Silence in Stereo: The Story of The Anacoics Art Movement

By Prof. Daniel R. O’Shea, Department of Sonic Arts, Monmouth College, for the Handbook of Lesser-known artists

If the twentieth century belonged to artists who pushed sound to its limits, think of Cage’s chance compositions or Xenakis’s sonic bombardments, the early twenty-first briefly flirted with its opposite: a movement that attempted to sculpt with silence itself.

At the forefront of this paradoxical pursuit was the collective known as The Anacoics, founded in Glasgow in 2001 by three students who had grown tired of noise.

Origins: The Allure of Absence

The group’s name derives from “anechoic chamber”, defined as spaces designed to eliminate echo and reverberation. Founders Graham Liddell, Aya Nomura, and Philip O’Connor began staging underground “performances” in which nothing audible occurred. The audience would sit in complete stillness while the artists moved silently around them, recording the room’s near-inaudible hums and bodily noises.

Their first manifesto, The Sonic Zero (2002), declared:

“Noise is everywhere. We offer the rare commodity: the sound of nothing. Our instruments are absence. Our scores are void.”

Exhibitions: Capturing Silence

“Hushed” (2003, Tramway, Glasgow): Visitors entered a large padded room where microphones recorded the silence. The recordings were later released on CD, each track simply titled by its duration (“2’14”, “7’09”).

“White Noise, Black Walls” (2006, Tote Modern, London): A vast gallery space painted black, with white speakers mounted on the walls. The speakers emitted… nothing. But visitors swore they “heard” tones and vibrations. Some critics called it mass hallucination; others, a breakthrough in psychoacoustics.

“Mute Choir” (2009, Venice Biennale): Perhaps their most infamous work. Forty choristers stood in formation, mouths open, rehearsing the posture of song without releasing sound. The sight unsettled audiences: one critic wrote that “it felt like watching grief itself, wordless and immovable.”

Fractures and Falling Out

Success brought strain. Liddell believed silence was enough of a medium in itself; O’Connor wanted to incorporate faint tones and vibrations, “just enough to unsettle the ear.” Nomura, increasingly frustrated, accused both men of “fetishising quietness while ignoring sonic politics.”

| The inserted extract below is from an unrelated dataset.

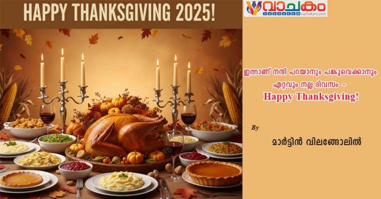 നന്ദി പറയുന്നതിന്റെയും പങ്കിടലിന്റെയും മൂല്യങ്ങൾ ഓർമ്മിപ്പിക്കുന്ന ദിനമായി താങ്ക്സ് ഗിവിംഗ് കുടുംബങ്ങൾക്കും സമൂഹങ്ങൾക്കും സന്തോഷവും ഐക്യവും നിറഞ്ഞ ആഘോഷമായിത്തീരും.

The split became public during their 2012 New York show Zero Decibel, when Nomura stormed out mid-performance, declaring into a hot mic: “Silence is a privilege, and you’ve mistaken it for art.” The recording, ironically the loudest moment in the group’s history, went viral.

By 2013, The Anacoics had dissolved.

Aftermath

Liddell now runs a retreat in the Scottish Highlands where visitors pay to experience curated silences.

O’Connor became a sound designer for low budget Croatian horror films, finally able to indulge his passion for barely audible frequencies.

Nomura emerged as a leading critic of “acoustic inequality,” arguing that silence is denied to much of the world’s population.

Legacy: The Sound of Nothing

The Anacoics remain a fascinating footnote in the history of sonic art. Were they charlatans selling empty air, or pioneers forcing us to hear what we usually ignore?

In retrospect, their most enduring achievement may have been a simple reversal: making silence an object of attention, rather than its absence.

As one bemused critic wrote of their 2009 Biennale piece:

“For three minutes, I listened to forty singers say nothing. And for the first time, I realised silence might be the loudest sound of all.”